Back during the Shrub Administration (Pres W Bush) they cut northern border security forces by about 75% by sending them to the Mexican border. This was stupid then and was seen as such by just about anyone with brains. The Obama Administration did little or nothing to reverse this. The Trump Administration has shifted a few more to the southern border making the northern border force, now, about 20% the size it was in 2000.

You can, somewhat, understand the move by Pres Bush seeing how he is a Texan and rather bewildered by the idea that the rest of the country could actually be bigger than Texas. Presidents Obama and Trump are from States that have pretty much direct contact with Canada.

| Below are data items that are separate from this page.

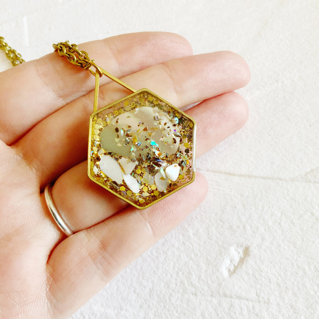 Handmade from Polymer Clay, Eco-resin, and Fair-Trade Mica Pigments.
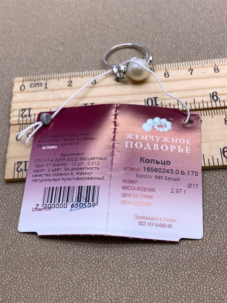 *Кольцо р.17 Белый Жемчуг д.9-9,5 цв Белое арт. 1.0243.0.b-509 Вес 2,97 г
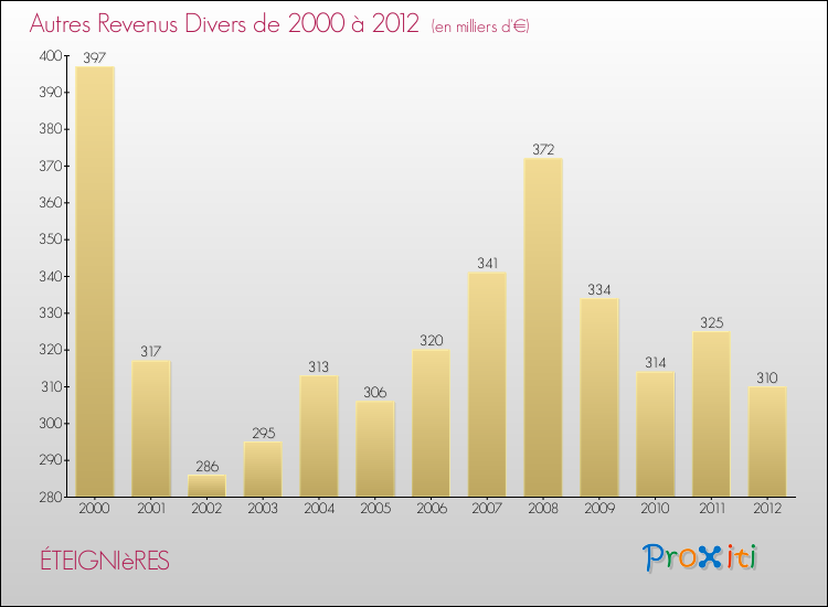En 2012, les charges de fonctionnement de la commune de Éteignières étaient de : 347 000 € décomposées comme suit :
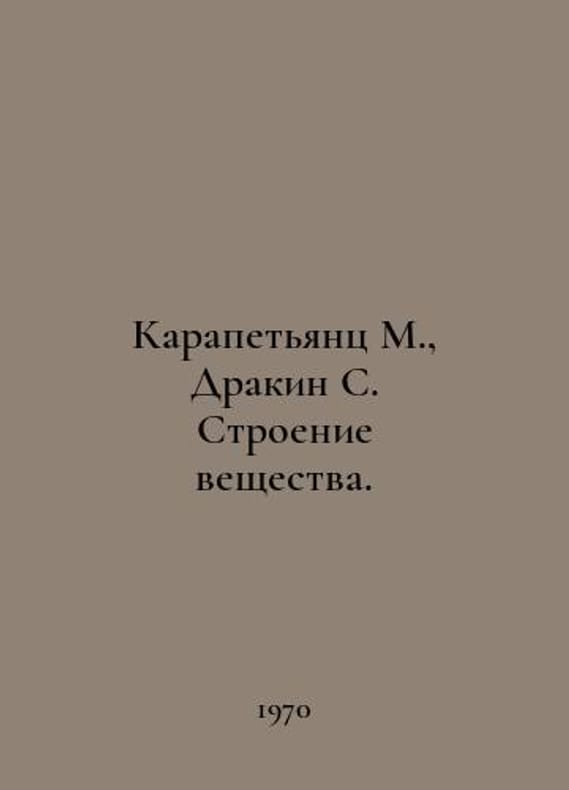 Karapetyants M., Drakin S. Structure of matter. In Russian /Karapetyants M., Drakin S. Stroenie veshchestva. High School 1970..You are welcome to reach out to us for a detailed description of the copies currently available. Delivery of this book may take longer than usual including extended processing and pre-shipping time, no expedited shipping is available. Please advise us if you have a set date or a deadline to receive your order. SKUalb78de246e0f8e9a71
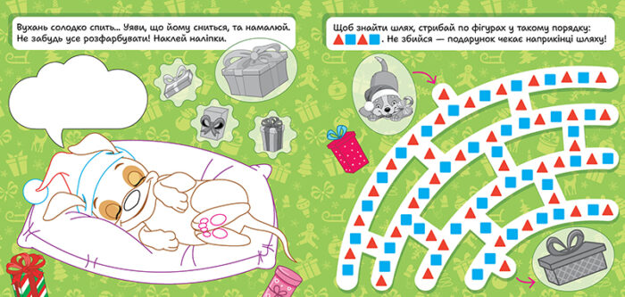 Ця книга запрошуює маленьких читачів поринути в казковий світ передсвяткових пригод. Разом із веселими й кмітливими персонажами діти виконуватимуть цікаві завдання для розвитку логіки, уваги і пам’яті. Яскраві, барвисті ілюстрації, що доповнюються інтерактивними наліпками, спонукатимуть малюків до застосування просторового й образного мислення.
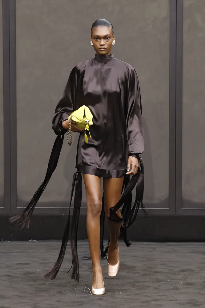 На роль самой комфортной одежды сезона весна-лето 2026 дизайнеры выбрали платья из приятных на ощупь материалов — например, как у Stella McCartney или Bottega Veneta. Эта пушистая фактура (которая напоминает бахрому, но таковой не является) может стать лучшим антистрессом во время напряженного рабочего дня.
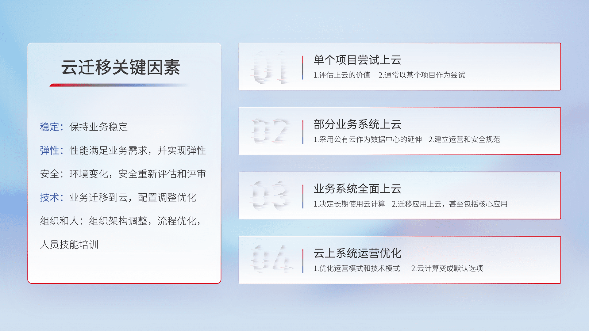 结合实际业务,,,,从规划设计、、云平台选型、、、、云原生改造、、数据迁移、、、集成交付,,,迁移全过程为客户识别最佳上云路径,,,做好风险识别管理,,设计网络架构、、身份权限、、、、安全审计合规、、、操作审计、、、日志审计、、、监控告警策略、、多站点容灾设计等,,,对云上基础设施进行整体规划,,,,提升IT治理水平,,,,以满足弹性、、、、高可用、、、高性能的需求。。

While it is true that Illinois doesn't have a border with Canada, Chicago is an international port and sees a good bit of Canadian/USA shipping. New York has a huge border with Canada much of which is really leaky water ways easy to cross in small boats but has several commercial international ports on those water ways.

So I found this article extremely entertaining.
https://www.thedailybeast.com/trump-is-freaking-out-about-the-wrong-border-killer-fentanyl-is-coming-from-canada?ref=home

Canada and the US are about, geographically, identical in size. The US however has 10 times the population. Northern Canada is damned cold and very sparsely populated. If you just consider metropolitan areas in the norther half of the US a number of combinations of 5 such areas surpass the entire population of Canada - say NY City, Detroit, Chicago, Minneapolis and Seattle. Those are pretty safe as the entire metro areas are north of the N/S geographic center line of the US. This makes law enforcement on the Canadian side rather tough both physically and financially for Canada.

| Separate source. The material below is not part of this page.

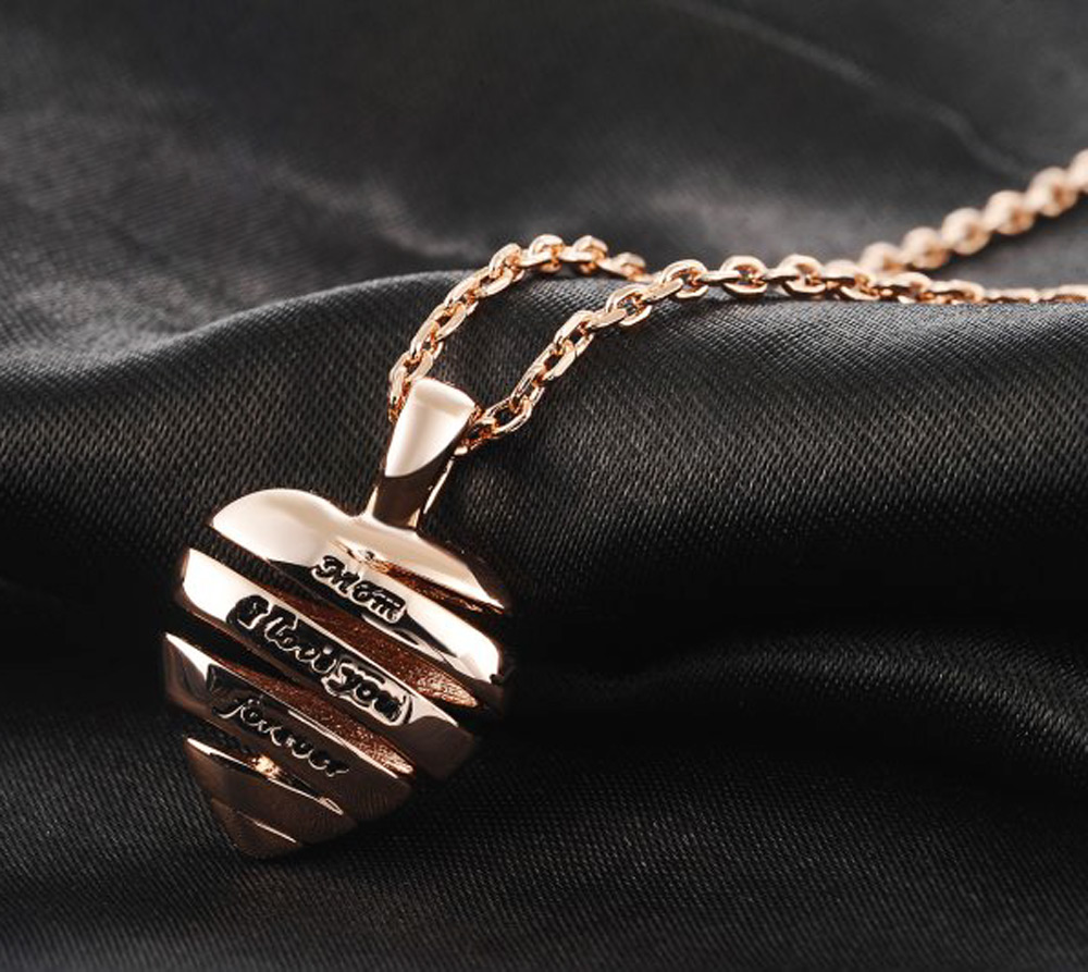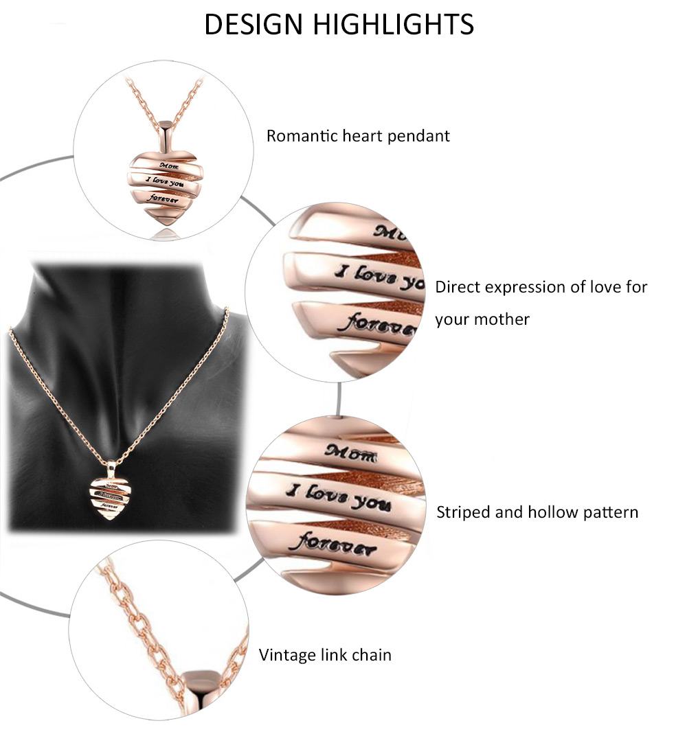 Charming necklace with heart pendant striped hollow pattern letter - Mom, I Love You Forever

Much of that border is very sparsely populated on both sides of the line itself. From the east coast to the Superior/Duluth harbor area that line is drawn through water much of it, in warm weather, can be crossed by swimming. All of it can be crossed in small boats including inflatables.

From that point west most of that line is marked by fencing (as in 4 or 5 strands of fairly common pasture type barbed wire). All along that stretch are a number of rivers that cross the border which obviously can't be blocked and you can pretty much canoe across the border pretty freely. Or wade if you are willing to get a bit wet. And 4 ft high fencing is not hard to climb over, or as pointed out in that article, throw things over (actually just hold the shit over the fence and drop it.

That assumes that livestock, wild life or fallen trees have not made holes in the fence.

From Superior/Duluth harbor west about a third of the way across Minnesota the border is what is called the Border Waters Area. This is a major "wilderness" recreation area and all the towns there make their living off of, primarily canoe and kayak, folks traveling in that area. Impossible to cover that area with any real man power as it is actually a huge damned swamp. You can nearly canoe to Hudson Bay with only 1 portage (water would have to be pretty high for both water sheds).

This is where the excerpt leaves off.